A federal jury has convicted the leader of a mortgage fraud scheme that guaranteed to pay off homeowners' mortgages but failed to fulfill this promise.
Andrew Williams Jr., who owned and founded Metro Dream Homes, was charged with fraud conspiracy, 15 counts of wire fraud and conspiracy to commit money laundering.
According to evidence presented in court, Williams worked with conspirators to allegedly recruit individuals to participate in a fraudulent mortgage payment scheme called the “Dream Homes Program.” As part of this scheme, homeowners were told that if they made an initial investment of at least $50,000, plus an additional $5,000 that served as an administrative fee, the Dream Homes Program would pay for their monthly mortgages. The homeowners were also allegedly told their mortgages would be paid off within five to seven years through this scheme.
“Metro Dream Homes was an egregious fraud scheme, and an excellent example of the principle that financial schemes that sound too good to be true are usually scams,” said Rod Rosenstein, U.S. attorney for the District of Maryland.
Representatives of the program told investors that their initial investments would be used to fund money into automated teller machines, flat-screen televisions that would show paid businesses advertisements and electronic kiosks that sold goods. However, the conspirators never advised investors that these “gimmicks” failed to generate any income for Metro Dream Homes.
The defendants actually used these funds from late investors to pay the mortgages of investors that signed up for this scam when it initially began, the Department of Justice said.
As a result of the scheme, more than 1,000 investors in the Dream Homes Program invested $78 million.
Meanwhile, Metro Dream Homes supposedly made presentations at luxury hotels in New York, Los Angeles and Washington in order to show investors that the program was successful.

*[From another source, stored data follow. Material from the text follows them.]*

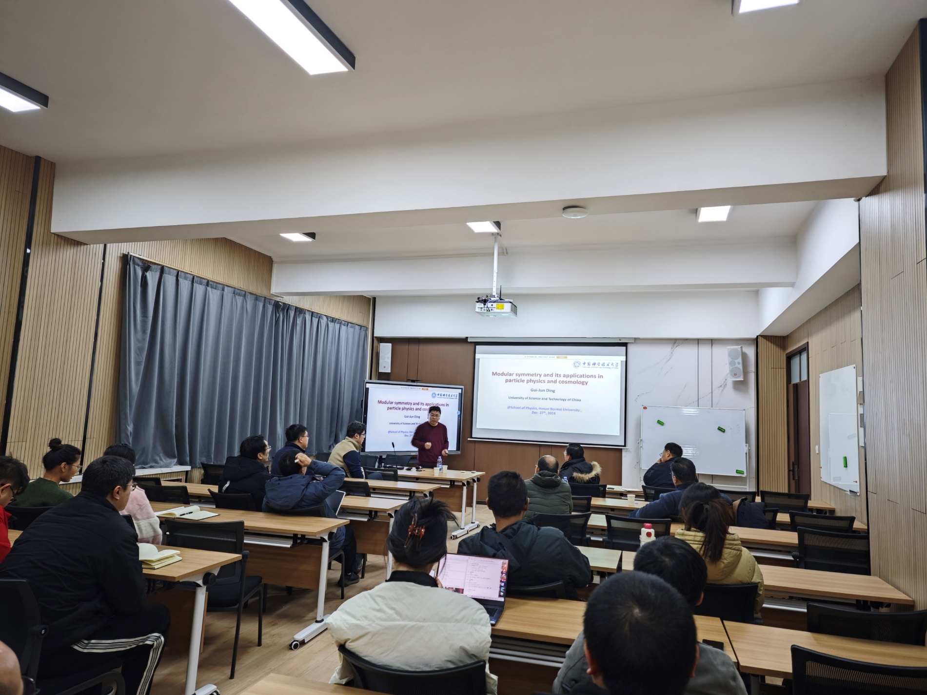 12月27日上午,中国科学技术大学丁桂军教授应邀为我校物理学院师生作题为“Modular symmetry and its applications in particle physics and cosmology”的学术报告,学院相关专业教师、研究生和本科生聆听此次报告。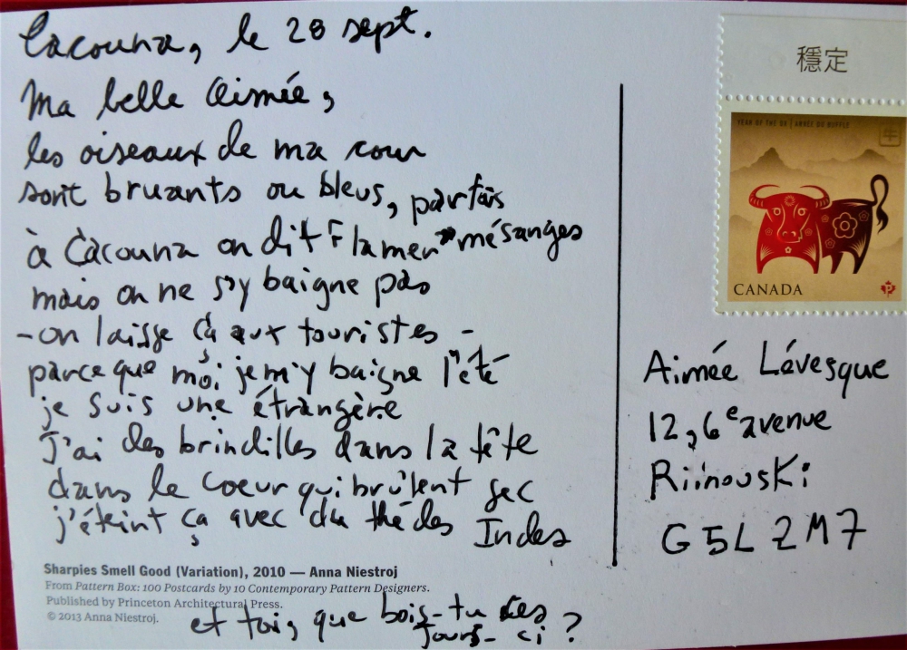 L’espace balados du Mois de la poésie offre une autre œuvre sur fond de paysage d’hiver, épurée, lumineuse et mouvante comme une mer gelée. Ces espaces qui nous traversent réunit trois amis rimouskois dans une correspondance simple et bienveillante. La brièveté des cartes postales et les changements de voix rythment une écoute sans musique. Cela permet à l’oreille de s’immiscer dans un quotidien coincé entre une intimité prosaïque et la vastitude de la nature. On retrouve avec un bonheur nostalgique Geneviève Morin, la poète derrière Gâteaux glacés (édition de la Grenouillère), dont la Capitale s’ennuie déjà : « J’ai quitté le centre-ville de Québec comme on quitte un amant ingrat. À Cacouna, la mer est une belle anesthésiste qui me ferme les yeux. »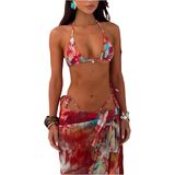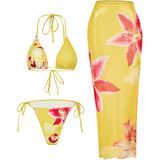 Women's 3 Piece Floral Swimsuit Halter Triangle String Bikini with Bodycon Beach Skirts Cover Up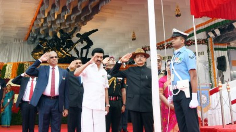 இதைத் தொடர்ந்து, உழைப்பாளர் சிலை பகுதியில் தேசியக் கொடியை ஆளுநர் ஆர்.என்.ரவி காலை 8 மணிக்கு முதல்வர் ஸ்டாலின் முன்னிலையில் ஏற்றிவைத்தார். தேசிய கீதம் இசைக்க, விமானப்படை ஹெலிகாப்டர் மூலம் பூ தூவப்பட்டது. ஆளுநர், முதல்வர், தலைமைச் செயலர் மற்றும் அதிகாரிகள் தேசியக் கொடிக்கு மரியாதை செலுத்தினர்.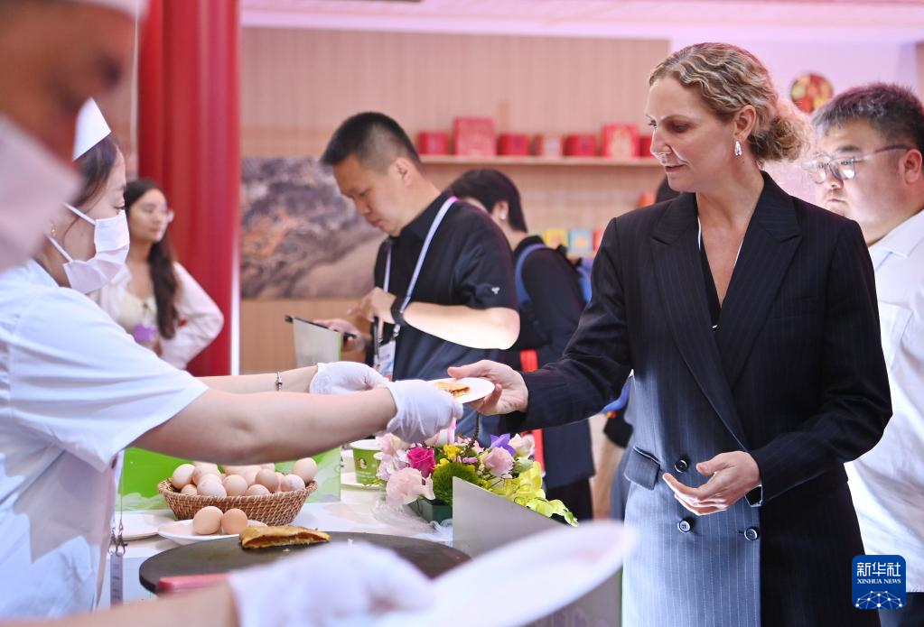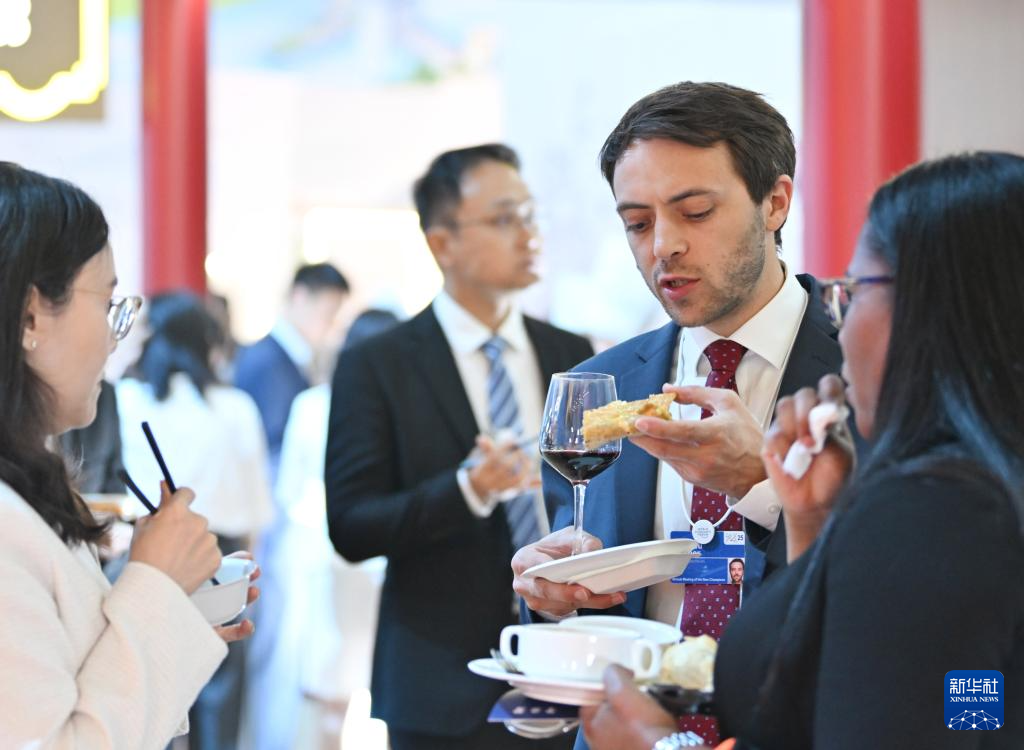 嘉宾在2025年夏季达沃斯论坛文化之夜上品尝煎饼馃子(6月25日摄)。

Investors were unaware that the conspirators were using their money to pay for MDH salaries that were as high as $200,000, the employment of chauffeurs to drive luxury cars used by the defendants, travel accommodations to the 2007 Super Bowl and National Basketball Association All-Star Game and to pay off prior investors that were part of a Ponzi scheme. Additionally, $50,000 was sent to charitable organizations to promote that MDH was a successful business.
“This case shows that the appearance of success can be a mask for a tangled financial web of lies,” said Jeannine Hammett, special agent in charge for the Internal Revenue Service. “Ponzi schemes can thrive for a time on false claims about how the money is being invested and where the returns are coming from. But that time is gone, and as this verdict shows, it's time for those responsible to face judgment.”
Michael Hickson, the chief financial officer of MDH; Isaac Smith, the president of MDH; and Alvita Gunn, vice president of operations, have already been sentenced for their roles in this mortgage fraud scheme.